The Springtime season in Mars’ northern hemisphere is characterized by rich atmospheric dynamical activity. This activity occurs at the polar cap’s edge, often revealed by the presence of local dust storms.
A new study dives deeper into two martian dust storms that occurred near the martian North Pole in 2019. The cloud patterns are surprisingly Earth-like, pointing to similar formation processes.
ESA’s Mars Express monitored the storms during springtime at the North Pole. It found that Mars churns up surprisingly Earth-like cloud patterns reminiscent of those in our planet’s tropical regions.
Two cameras on board Mars Express – the Visual Monitoring Camera (VMC) and the High-Resolution Stereo Camera (HRSC) – together with the MARCI camera on board NASA’s Mars Reconnaissance Orbiter, imaged the storms from orbit.
The VMC image sequence demonstrates how the storms exhibit recurring cycles of growth and disappearance over days. The broader views of the HRSC images clearly show spiral structures. The spirals, which range from 1000 to 2000 km, share the same extratropical cyclone genesis as those seen in Earth’s mid-latitudes and latitudes.
The images reveal a particular phenomenon on Mars. They show that the martian dust storms are made up of regularly spaced smaller cloud cells arranged like grains or pebbles. The texture is also seen in clouds in Earth’s atmosphere.
The VMC image sequence demonstrates how the storms exhibit recurring cycles of growth and disappearance over the course of days. The broader views of the HRSC images clearly show spiral structures. The spirals, which range from 1000 to 2000 km, share the same extratropical cyclone genesis as those seen in Earth’s mid-latitudes and latitudes.
Images show a specific Martian phenomenon. They demonstrate that the martian dust storms are composed of smaller cloud cells evenly spaced apart and arrayed like grains or pebbles. Clouds in the atmosphere of Earth can also be seen to have a texture.
Convection, where hot air rises because it is less dense than cooler air, creates recognizable textures. When air rises in the center of tiny cloud cells, this type of convection, known as closed-cell convection, occurs. The gaps of the sky around the cloud cells are the pathways for cooler air to sink below the hot rising air.
On Earth, water is present in the rising air, which condenses to create clouds. The Mars Express’s images of dust clouds demonstrate the same phenomenon, but on Mars, the rising air columns are made of dust rather than water. Dust-filled air is heated by the Sun, which causes it to ascend and form dust cells. Areas of sinking air that have less dust surround the cells. This results in the granular pattern that may be seen in images of clouds on Earth as well.
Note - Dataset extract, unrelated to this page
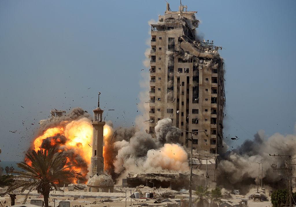 Nelle ultime ore, l’esercito israeliano ha intensificato gli attacchi contro gli edifici più alti, come la Torre Taiba colpita da due missili su via Al-Rashid, nei pressi del porto di Gaza.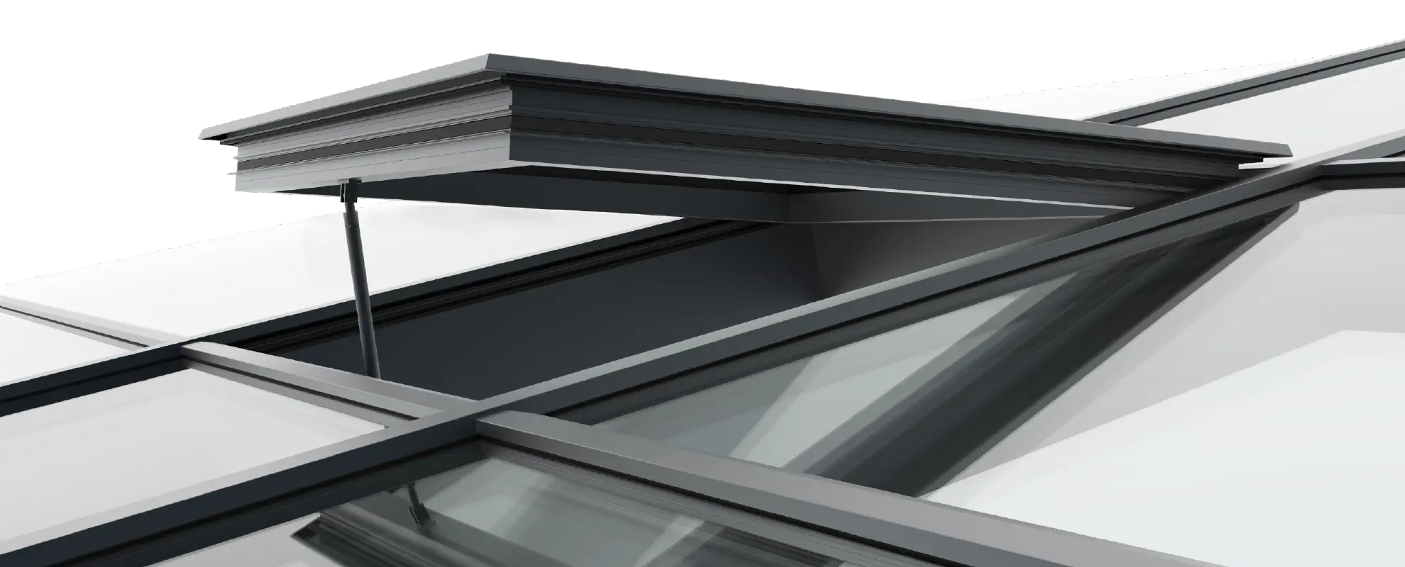 The new SHEV smoke and heat exhaust ventilation system consists of a structure formed by a frame and an integrated motor that enables opening and closing operations. In the event of a fire, it activates automatically to allow natural upward evacuation of heat and smoke. Its main functions are to improve visibility and reduce heat build-up inside the building, thereby minimizing the risk of smoke inhalation and facilitating occupant evacuation.

Scientists tracked the cell’s movement within the images to measure the speed of the wind. It was found that wind blows over the cloud features at speeds of up to 140 km/h. This widens the shape of the cells in the direction of the wind. Despite Mars and Earth’s chaotic and dynamic atmospheres, nature creates these orderly patterns.
Colin Wilson, ESA’s Mars Express project scientist, said, “When thinking of a Mars-like atmosphere on Earth, one might easily think of a desert or polar region. It is quite unexpected, then, that through tracking the chaotic movement of dust storms, parallels can be drawn with the processes that occur in Earth’s moist, hot, and decidedly very un-Mars-like tropical regions.”
The VMC photos have made it feasible to measure the altitude of dust clouds, which is a significant discovery. The height of the clouds above the martian surface is determined by measuring the length of the shadows they throw and combining that information with knowledge of the Sun’s position. The findings showed that dust can rise 6–11 km above the surface and that cells often had horizontal diameters of 20–40 km.
Agustín Sánchez-Levaga from the Universidad del País Vasco UPV/EHU (Spain), who leads the VMC science team and is the lead author of a paper, said, “Despite the unpredictable behavior of dust storms on Mars and the strong wind gusts that accompany them, we have seen that within their complexity, organized structures such as fronts and cellular convection patterns can emerge.”
“Such organized cellular convection is not unique to Earth and Mars; observations of the Venusian atmosphere by Venus Express arguably show similar patterns. Our work on Mars dry convection is a further example of the value of comparative studies of similar phenomena occurring in planetary atmospheres to understand better the mechanisms underlying them under different conditions and environments.”